Use ALT + 0178 on the numpad for squared(superscript 2).

ALT + 0179 for cubed.

You can set up a Custom Format for this is you have a great whack to do.

Format>Cells>Number>Custom

Enter ### then hit ALT + 0178


Gord Dibben Excel MVP

On Sat, 3 Dec 2005 12:33:03 -0800, Hyperyoda
<Hyperyoda@discussions.microsoft.com> wrote:

>this may seem a silly question, but how do you type powers in excel?
>i.e. numbers to the power of something.
>
>e.g. in WORD, you can type numbers to the power of something by pressing
>"ctrl + shift + ="
>to allow you to type things like the "th" on the "5th" of january, the same
>thing can be used to type 7 squared - e.g. allowing me to type a small number
>"2" top right of the 7.
>how can you do this is excel 2003?
>is it possible?
>(i require this for use in a title - not an equation...)
>
>many thanks if anyone knows.

----------


## Gord Dibben

Note:

My first method will change the value to text.

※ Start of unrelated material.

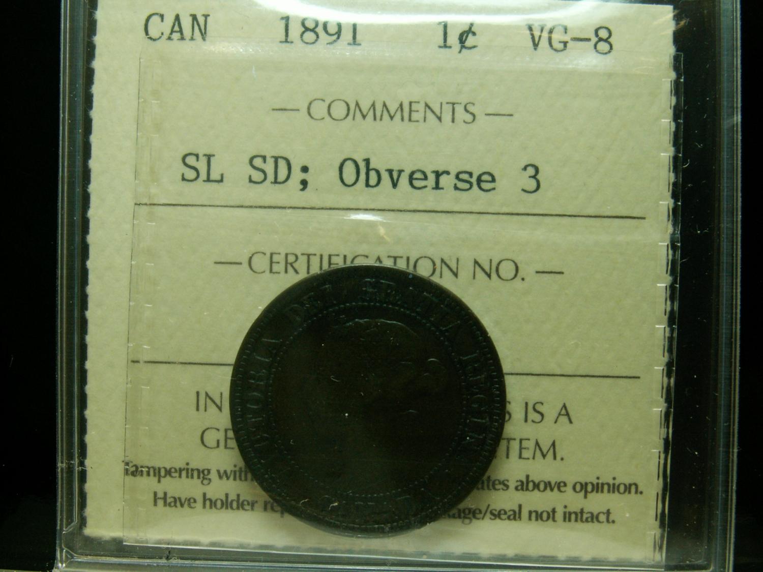 1891 1¢ SDSL Obv 3 ICCS VG8

The Custom Format will leave the number as a number.


Gord Dibben Excel MVP

On Sat, 03 Dec 2005 13:08:06 -0800, Gord Dibben <gorddibbATshawDOTca@> wrote:

>Use ALT + 0178 on the numpad for squared(superscript 2).
>
>ALT + 0179 for cubed.
>
>You can set up a Custom Format for this is you have a great whack to do.
>
>Format>Cells>Number>Custom
>
>Enter ### then hit ALT + 0178
>
>
>Gord Dibben Excel MVP
>
>On Sat, 3 Dec 2005 12:33:03 -0800, Hyperyoda
><Hyperyoda@discussions.microsoft.com> wrote:
>
>>this may seem a silly question, but how do you type powers in excel?
>>i.e. numbers to the power of something.
>>
>>e.g. in WORD, you can type numbers to the power of something by pressing
>>"ctrl + shift + ="
>>to allow you to type things like the "th" on the "5th" of january, the same
>>thing can be used to type 7 squared - e.g. allowing me to type a small number
>>"2" top right of the 7.
>>how can you do this is excel 2003?
>>is it possible?
>>(i require this for use in a title - not an equation...)
>>
>>many thanks if anyone knows.

----------